### [Exercise requirements]
The answer should contain only the lines from the beginning of the entries through the line that holds "4K Abstract Neon", given again exactly, with no pictures.

### [Input records]
• • •

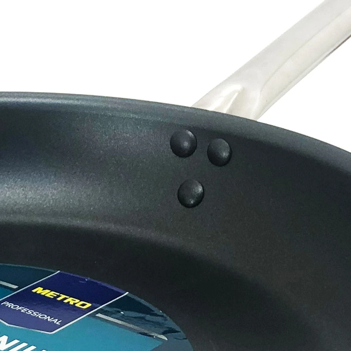 Diese METRO Professional Pfanne ist aus Aluminium gefertigt und hat ein Durchmesser von 36 cm und eine Höhe von 13 cm. Der Boden der Pfanne hat einen Durchmesser von 28.3 cm und eine Dicke von 2.7 mm, während der Wanddicke ca. 2.8 mm beträgt. Dank der doppelschichtigen Oberfläche und der Teflonbeschichtung ist das Produkt antihaftbeschichtet, so dass die Speisen gut und einfach vorbereitet werden können. Der komfortable Edelstahlgriff sorgt für extra Komfort beim Kochen. Darüber hinaus ist die Pfanne für Elektro-, Keramik- ,Gas- und Ofen (max. 240°C) sowie für die Spülmaschine geeignet.
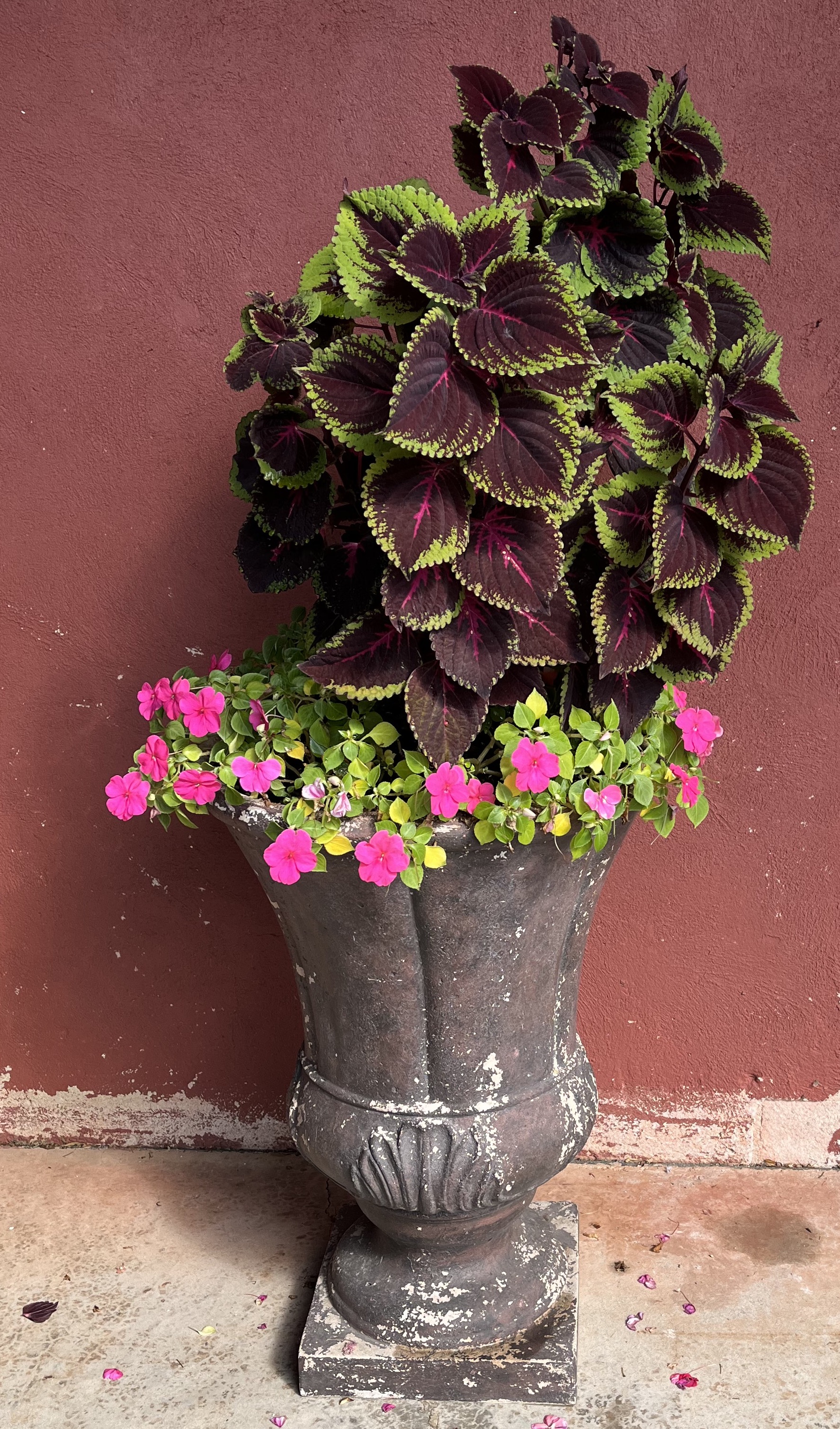 Two or three years ago I bought some coleus plants to put in our two outdoor shady planters and the plants really flourished there. So, at the end of the season I took some cuttings from the plants and attempted to keep them alive indoors in little planters through the winter, and lo and behold I did. In fact the plants or at least their descendants are still more or less thriving. Last year I took five separate cuttings figuring not all of them would take when transplanted indoors into the small flowerpots, but like our houseplants this coleus plant is forgiving and now I have five plants even though I need only two to stick in our outside planters.
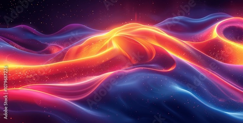 4K Abstract Neon Fluid Gradient Background with Retro and Futuristic Elements
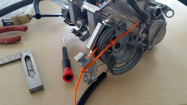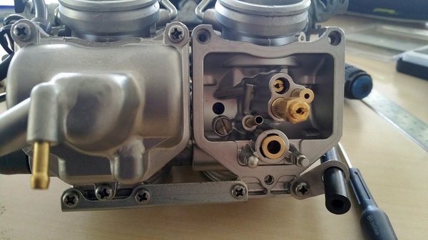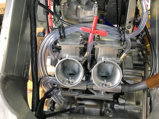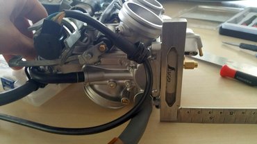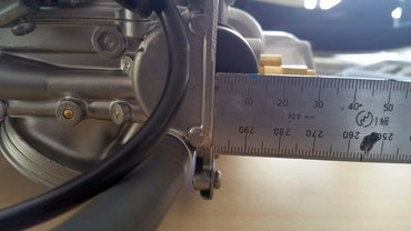 Az utolsó nagyon fontos paraméter. Enélkül kár is bármit megcsinálni, amit idáig leírtam, mert SOHA nem fog működni a karburálásunk. Az úszószint. Még az úszóház visszatétele előtt, az úszóház felfekvő felületére merőlegesen le kell támasztani a karbikat. Ebben a pozícióban, mérjük az előbb említett felülethez az úszó szintet. 13mm körül van az arany középút, de a 12,5–13,5 mm tartományon kívül tuti vakvágány. Ezután mehet vissza az úszóház. A lekötött olajszivattyú bemeneti csonkokat szépen egymásba kötöttem egy középen vakdugóvá alakított csővel. A szinkronhoz van 1-1 pötty a síktolattyúkon a hozzávetőleges szemre belövéshez, aztán, majd ha már jár a kicsike, megvannak a bemenetek a szívótorkon a mérőóráknak. A teljes levegőkorrekciós rendszer csövezését új, átlátszó szilikon csövekre cseréltem végül, és ezzel, amíg nem jár a gép, a karbi le is van tudva.
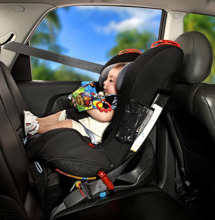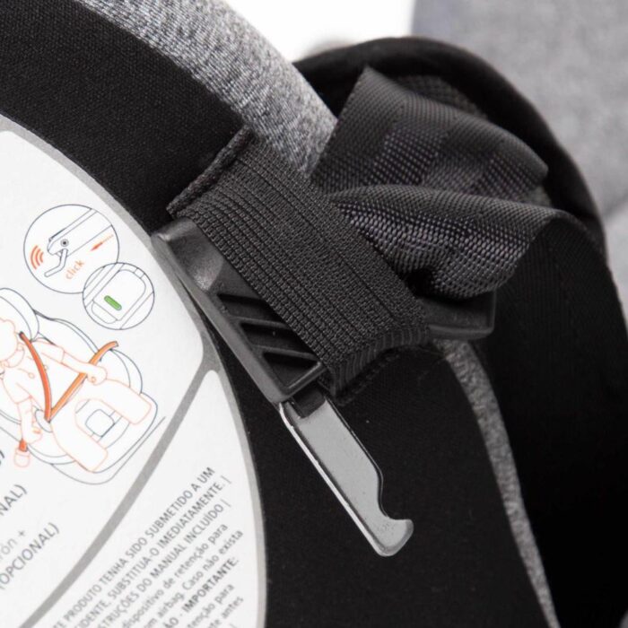 – Elásticos de apoio nas laterais ajudam a colocar e retirar os cintos da criança
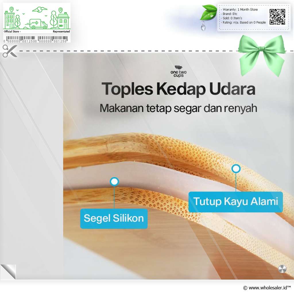 | Material | : | Bodi Toples Kaca Borosilikat Tutup Toples Kayu dan Karet Silikon |
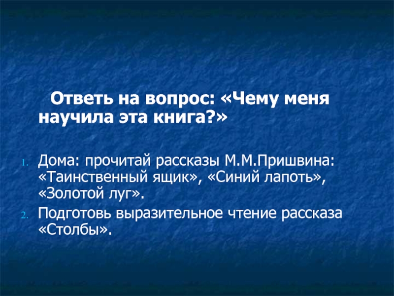 Дома: прочитай рассказы М.М.Пришвина: «Таинственный ящик», «Синий лапоть», «Золотой луг».
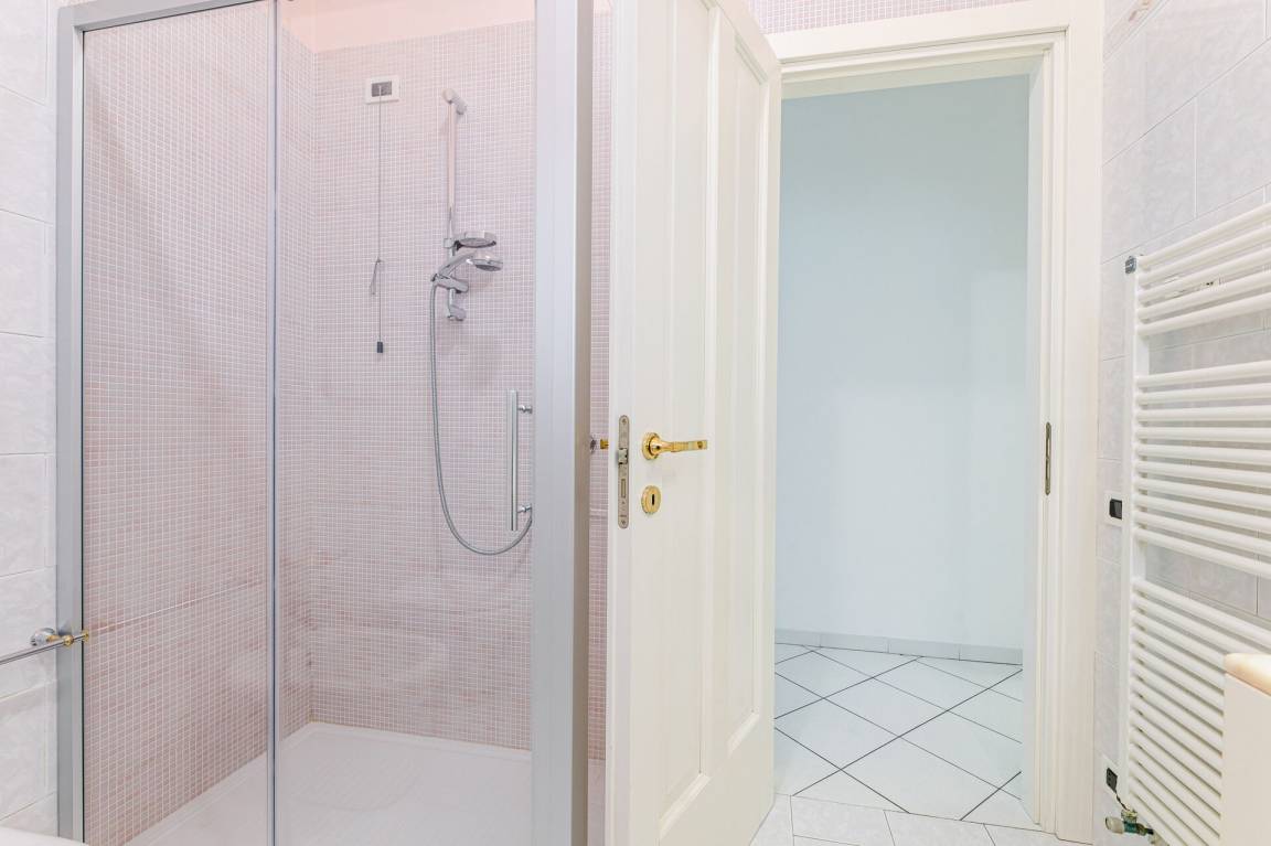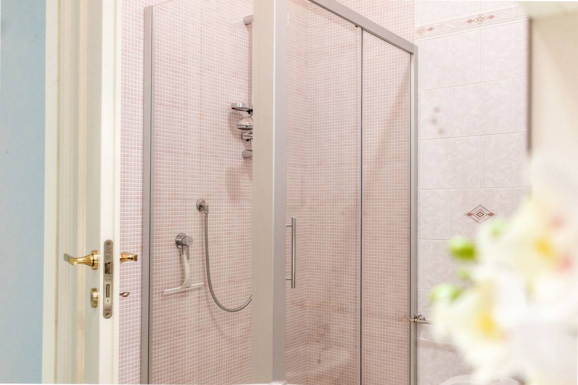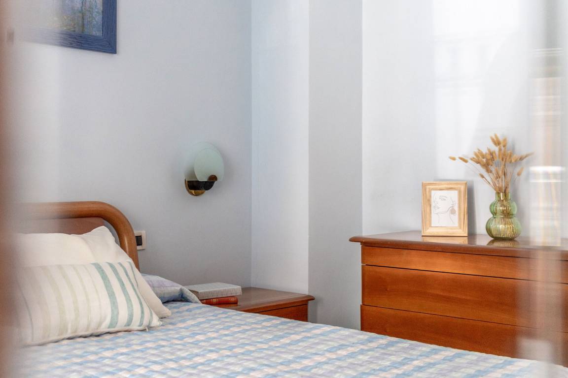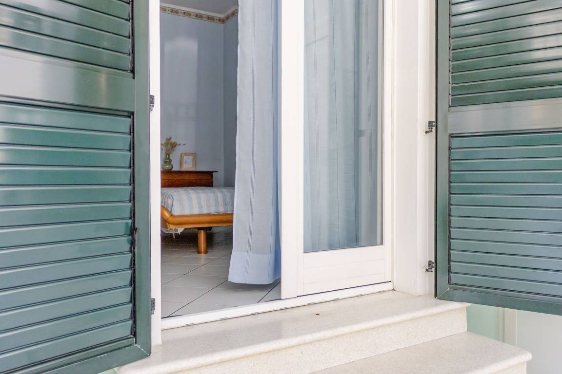 Schlafzimmer mit Bad: Doppelbett, WiFi Internet, Klimaanlage, Waschbecken, WC, Bidet, Dusche, Fön, Waschmaschine, Ausgang auf den Patio.

• • •

### [Answer to this exercise]
 Diese METRO Professional Pfanne ist aus Aluminium gefertigt und hat ein Durchmesser von 36 cm und eine Höhe von 13 cm. Der Boden der Pfanne hat einen Durchmesser von 28.3 cm und eine Dicke von 2.7 mm, während der Wanddicke ca. 2.8 mm beträgt. Dank der doppelschichtigen Oberfläche und der Teflonbeschichtung ist das Produkt antihaftbeschichtet, so dass die Speisen gut und einfach vorbereitet werden können. Der komfortable Edelstahlgriff sorgt für extra Komfort beim Kochen. Darüber hinaus ist die Pfanne für Elektro-, Keramik- ,Gas- und Ofen (max. 240°C) sowie für die Spülmaschine geeignet.
 Two or three years ago I bought some coleus plants to put in our two outdoor shady planters and the plants really flourished there. So, at the end of the season I took some cuttings from the plants and attempted to keep them alive indoors in little planters through the winter, and lo and behold I did. In fact the plants or at least their descendants are still more or less thriving. Last year I took five separate cuttings figuring not all of them would take when transplanted indoors into the small flowerpots, but like our houseplants this coleus plant is forgiving and now I have five plants even though I need only two to stick in our outside planters.
 4K Abstract Neon Fluid Gradient Background with Retro and Futuristic Elements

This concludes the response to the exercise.